Other creative inventors worked on developing revolvers that did not infringe on the Rollin White patent, but to do so required that their revolvers not have bored-through cylinders. As a result, several unique cartridges were developed in the process of making these new revolver designs marketable. While the resulting patent applications were submitted as 'improvements in repeating firearms' or 'improvements in metallic ammunition', few offered any meaningful improvements at all. The revolvers tended to be more complicated and cumbersome to use, and the ammunition was less reliable, as attested to by their generally poor acceptance by the shooting public. That these patent evasions were doomed certainly is obvious in hindsight, considering the fact that the practicality and simplicity of the bored through cylinder has not been improved upon for a revolving firearm to this day. However, this brief period of alternative revolver design produced a number of unusual guns and cartridges that add to the mystique of collecting and, fortunately for collectors, are in most cases not too difficult to find.
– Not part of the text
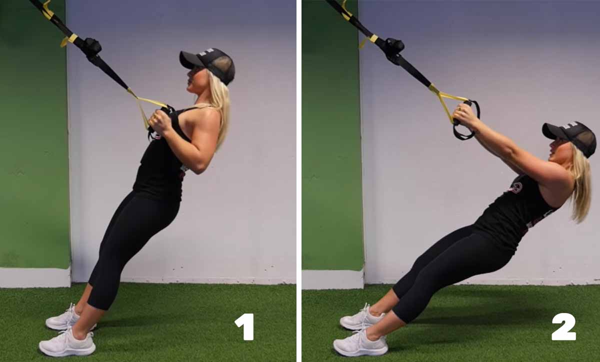 2. הרחקת זרועות עם TRX מגבת גומייה: 3 סטים, 10 חזרות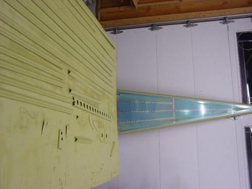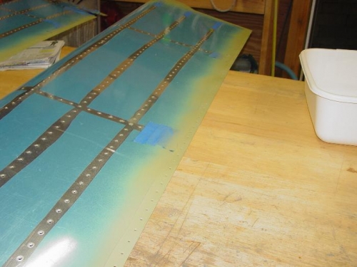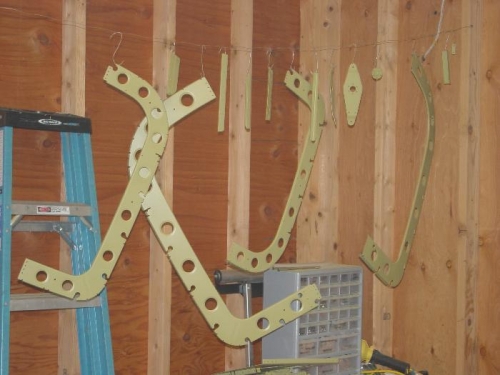 Finished priming the tailcone parts. I primed the skins where they overlap, so that there won't be any bare metal anywhere. I was mostly concerned about the edges of the forward bottom skin, the edge is rolled to form a stiffener and any moisture in the tailcone could sit down in this area.

The first and one of the more popular among the evasions was Willard Ellis and John White's revolver, for which they received U.S. patent 24,726 on July 12, 1859.
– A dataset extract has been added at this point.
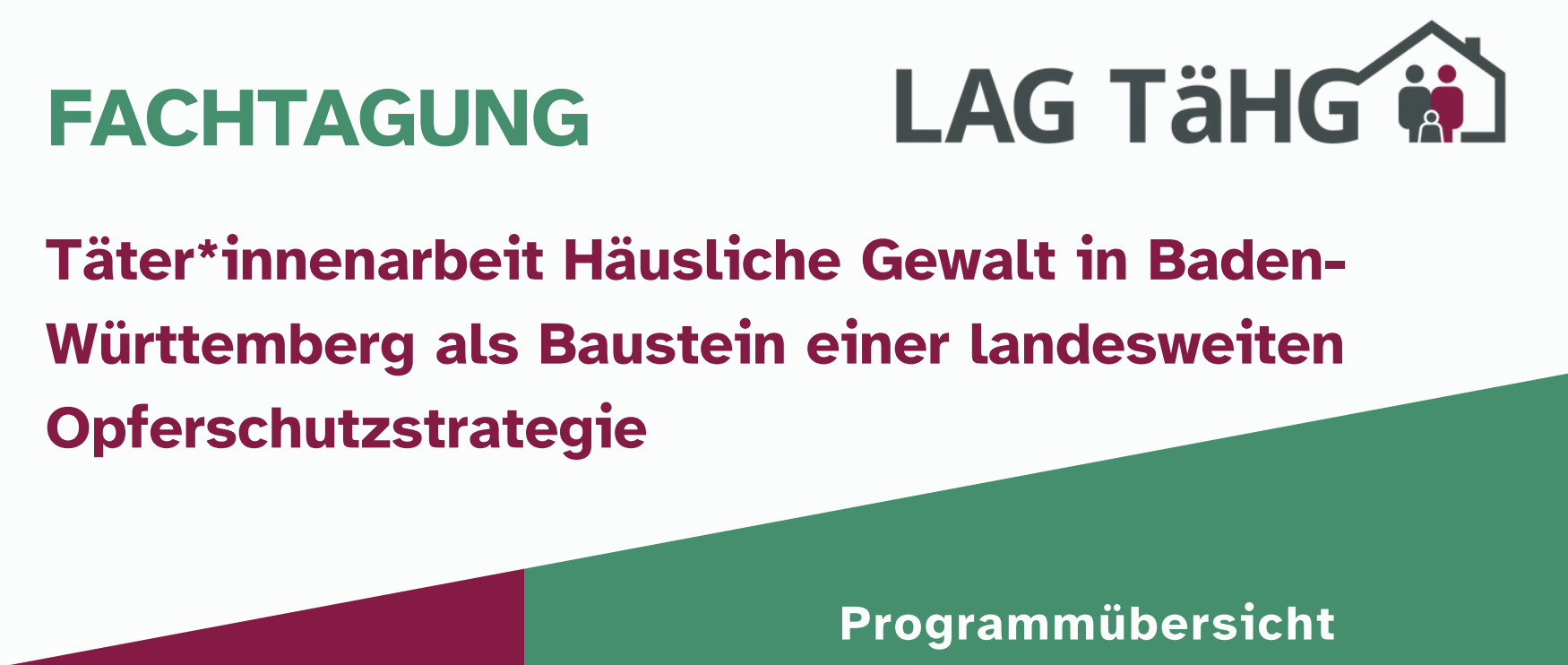Am Montag, 13. Oktober 2025, findet von 9:30 - 17:00 Uhr die Fachtagung mit dem Titel: "Täter*innenarbeit Häusliche Gewalt in Baden-Württemberg als Baustein einer landesweiten Opferschutzstrategie" statt. Die Veranstaltung findet im Literaturhaus Stuttgart statt. Nach der Begrüßung und Einführung durch Christina Gröbmayr, Vorstandsvorsitzende LAG TäHG BW e.V. und Staatssekretärin Frau Dr. Ute Leidig (GRÜNE), Ministerium für Soziales, Gesundheit und Integration Baden-Württemberg, begrüßen wir Frau Prof. Dr. Rebecca Bondü und Frau Michaela Gosch (MBA). Die beiden Referentinnen bereichern die Fachtagung mit je einem Referat zu den Themn „Leaking erkennen – mit GaTe-RAI Risiken besser einschätzen: Tötungsdelikte im sozialen Nahraum frühzeitig verhindern“ und „Verpflichtende Gewaltpräventionsberatung - Täter*innenarbeit und ihre Bedeutung für den Opferschutz”. Nach den Referaten stehen in den Workshops Expert*innen aus der Täterarbeit, aus den Landeskriminalämtern, der Polizei, aus Verbänden und Organisationen bereit, um mit den Tagungsgästen zu verschiedenen Themen zu arbeiten. Die Fachtagung endet nach einer Podiumsdiskussion, die mit entsprechenden Expert*innen besetzt ist. zur Einladung
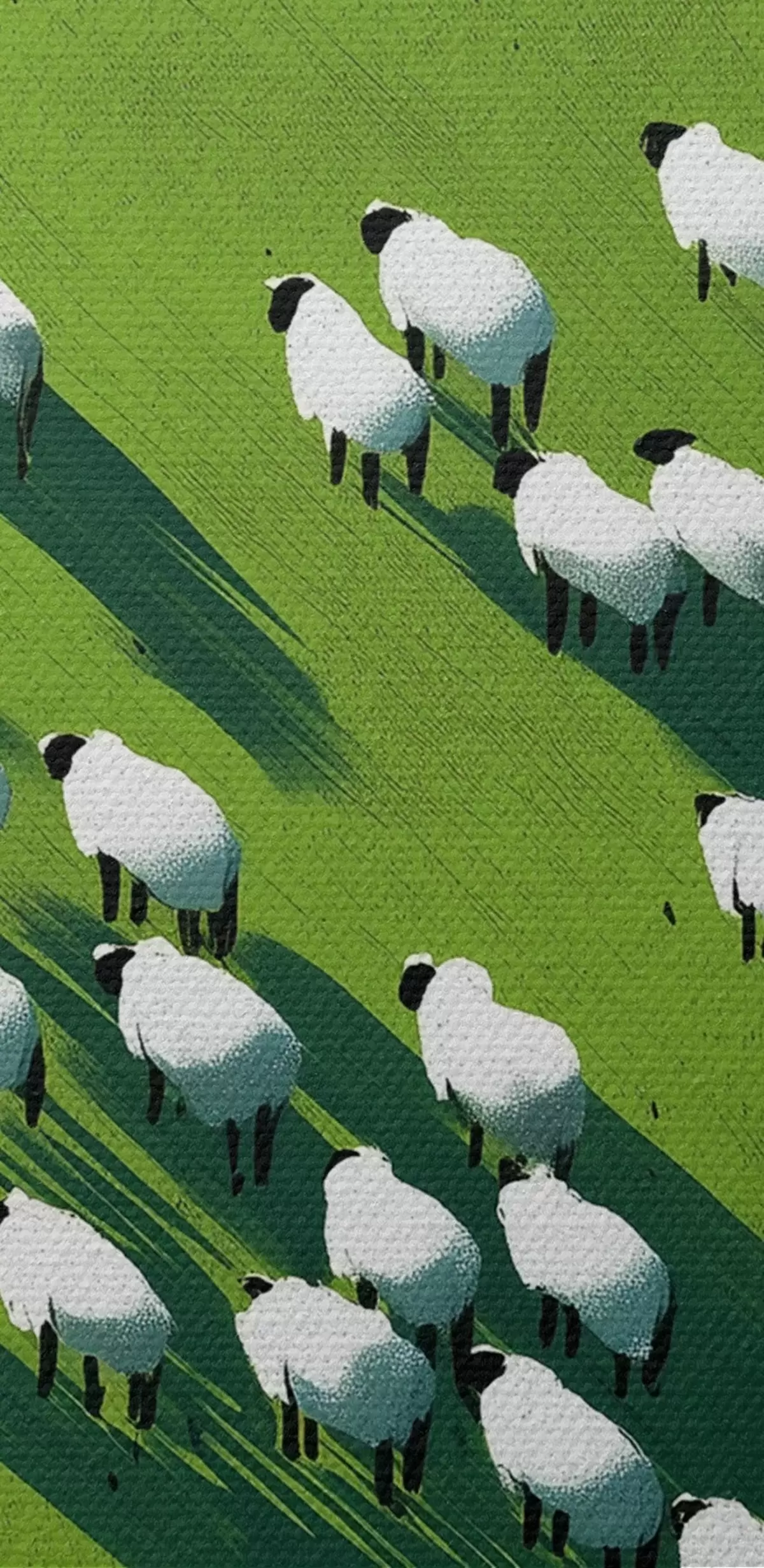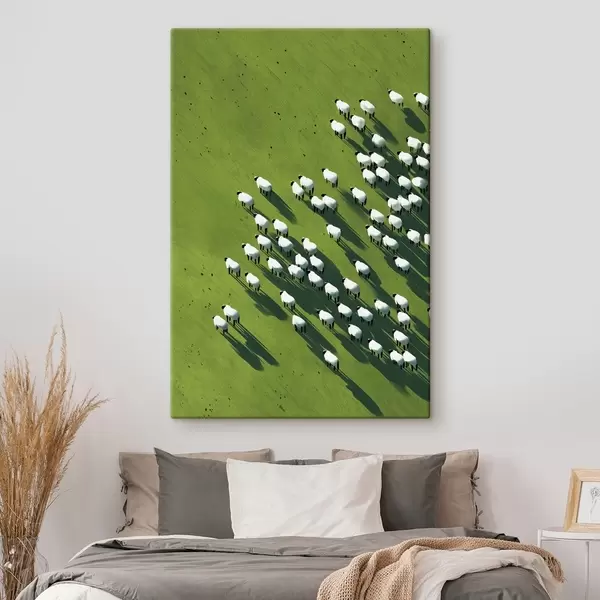 Wandbilder Grünes Feld mit einer Schafherde, Abstraktion, Luftaufnahme Art. s44793

The patent is for the revolver, or more precisely for the cylinder of a revolver, which was intended to be loaded from the front in order to circumvent Rollin White's patent on the bored through cylinder. The cartridges for this revolver had a cupped base, and were fired by the hammer striking the inside edge of the cup. These cartridges becam known as cup-primed cartridges. The patent drawing includes the cartridge in Figure 1, showing it's flat based cup and flanged case mouth, ready to be inserted into the chamber from the front of the cylinder. I have included the complete patent drawing and specifications below.
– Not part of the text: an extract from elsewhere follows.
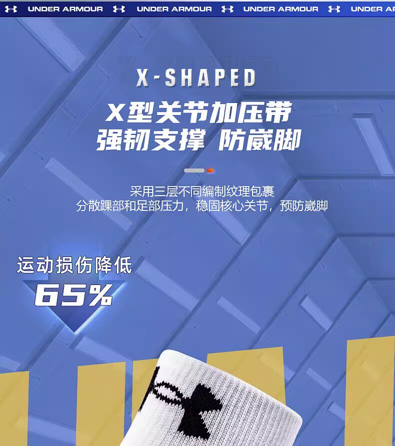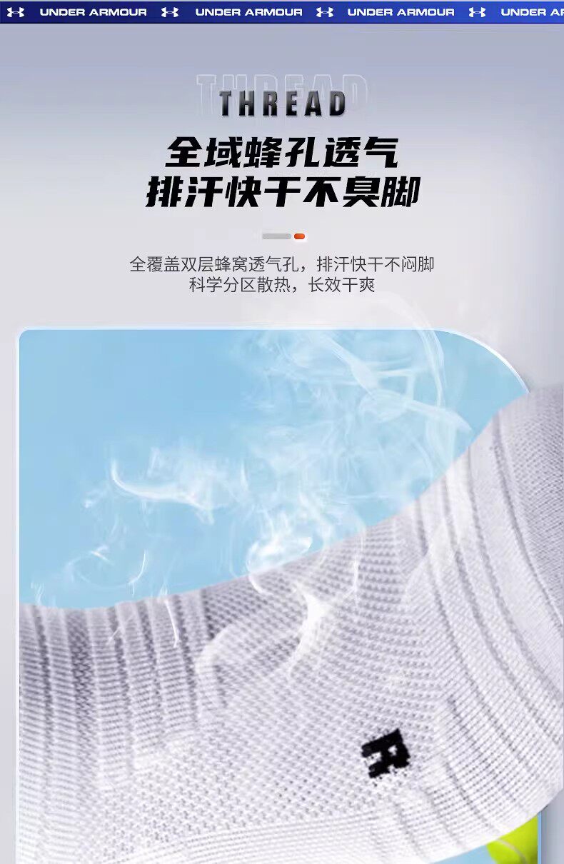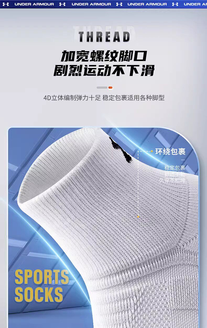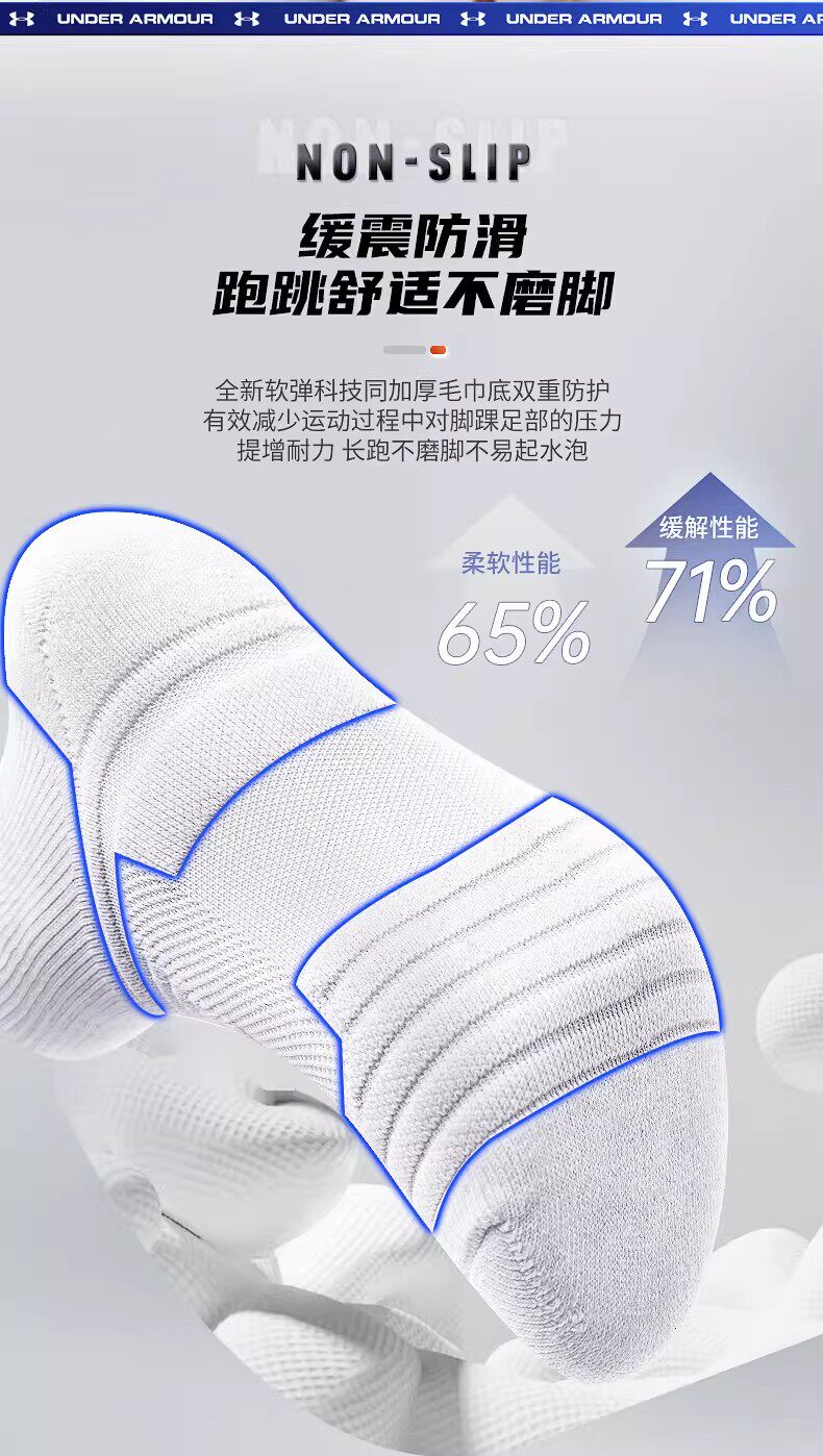 安德玛、袜子、羽毛球、运动袜、防臭、纯色短棉袜

The revolvers were manufactured beginning in the early to mid 1860s by the Plant's Manufacturing Company of New Haven, Connecticut, and The Eagle Arms Company of New Your. They were made in two sizes, with Eagle producing approximately 20,000 of the small frame pocket revolvers in .28 and .30 caliber, and Plant producing approximately 1,200 of the large frame 'Army' revolvers in .42 caliber in three different models over its production life. With the expiration of the Rollin White patent and, more importantly, Smith & Wesson's choke hold on revolver manufacturing in the United States, the resulting flood of new, more practical revolver designs in both rim fire and center fire killed the demand for the patent evasion revolvers. Production of the Plant and Eagle cup- primed revolvers probably ended in the early 1870s. . This photo shows all of the cup-primed cartridge variations in my collection, including from the left an unheadstamped .28 caliber, three .30 caliber variations (raised P headstamp, raised A headstamp and unheadstamped), and two unheadstamped .42 caliber variations, the first with a heavy case cannelure and the other with a light cannelure. None of the cartridges shown have the flat cup base, which was used only for the earliest production cartridges. In addition, the .30 cartridges seem to be the only ones that are found with headstamps.